1st Miss Grand Angola competition, beauty pageant edition

Miss Grand Angola 2023 was the inaugural edition of the Miss Grand Angola pageant, held on September 2, 2023, at the Epic Sana Hotel, Luanda. Ten candidates who qualified for the national final round through an audition held on July 9, 2023, at the Mundo da Casa Shopping Mall (MDC), competed for the title. Of whom, a 24-year-old administrative assistant from Luanda, Eugénia das Neves, was elected the winner. Eugénia later represented the country at the international parent stage, Miss Grand International 2023, held in Vietnam on October 25, 2023, and was named the 5th runner-up.
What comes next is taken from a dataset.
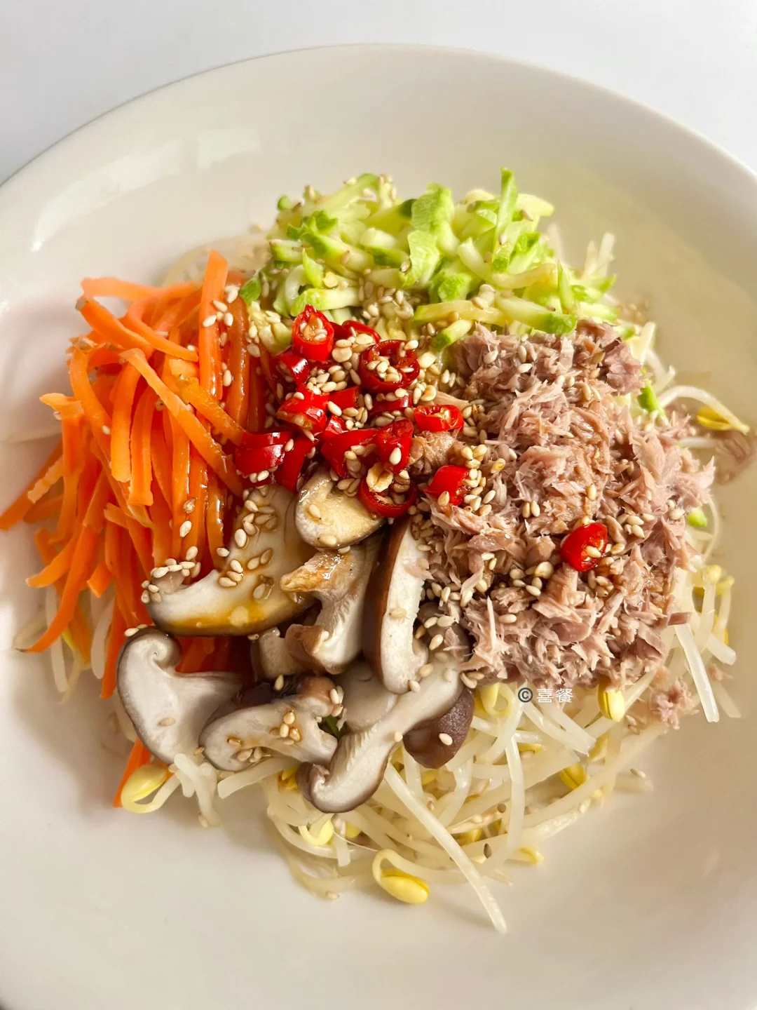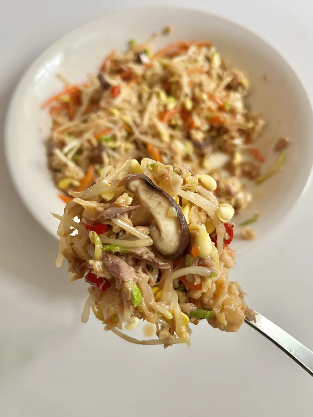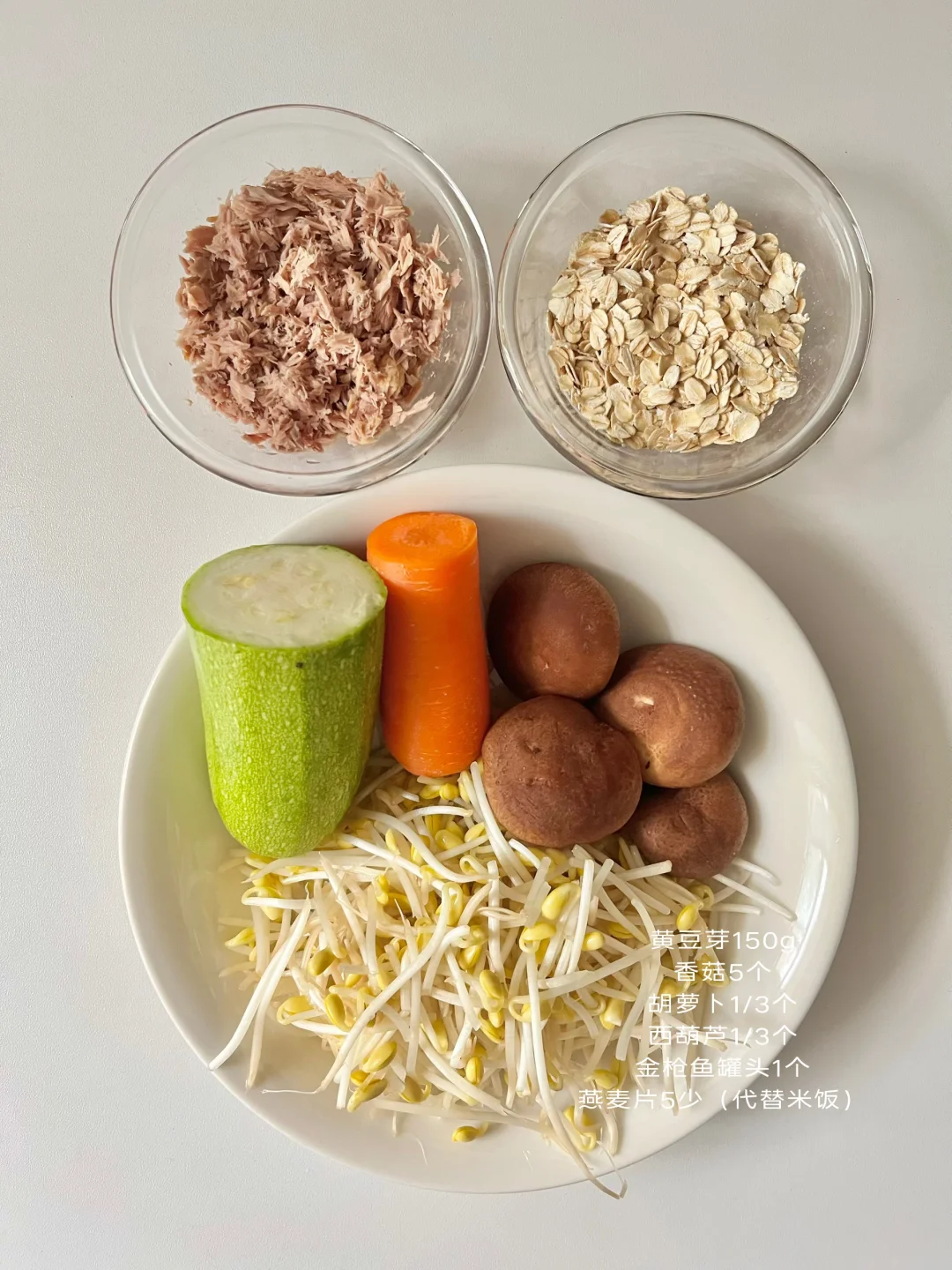 🥕食材:黄豆芽150g, 香菇5个,胡萝卜1/3个,西葫芦1/3个,金枪鱼罐头1个,燕麦片5少(代替米饭)

The grand final round of the contest was hosted by Mister Angola 2017, Bráulio Anderson, and Miss Angola 2014, Whitney Shikongo, and was highlighted by live performances of two music bands, Bass and Heroide.

The pageant was financially supported by the MDC Shopping Mall, Água Perla, Kabuiza, and Opal Negra, with an online news portal, Platinaline, as the official media partner.
==Background==
After two years of returning to join the Miss Grand International pageant, a scheme to conduct the first national contest of Miss Grand Angola was observed in early-July 2023 when the national licensee team led by former Miss Grand Angola, Márcia de Menezes, ran an audition in the MDC Shopping Mall in Luanda to select the national aspirants for the national final contest, which was scheduled for September. The final twelve of the qualified candidates were later revealed in mid-July.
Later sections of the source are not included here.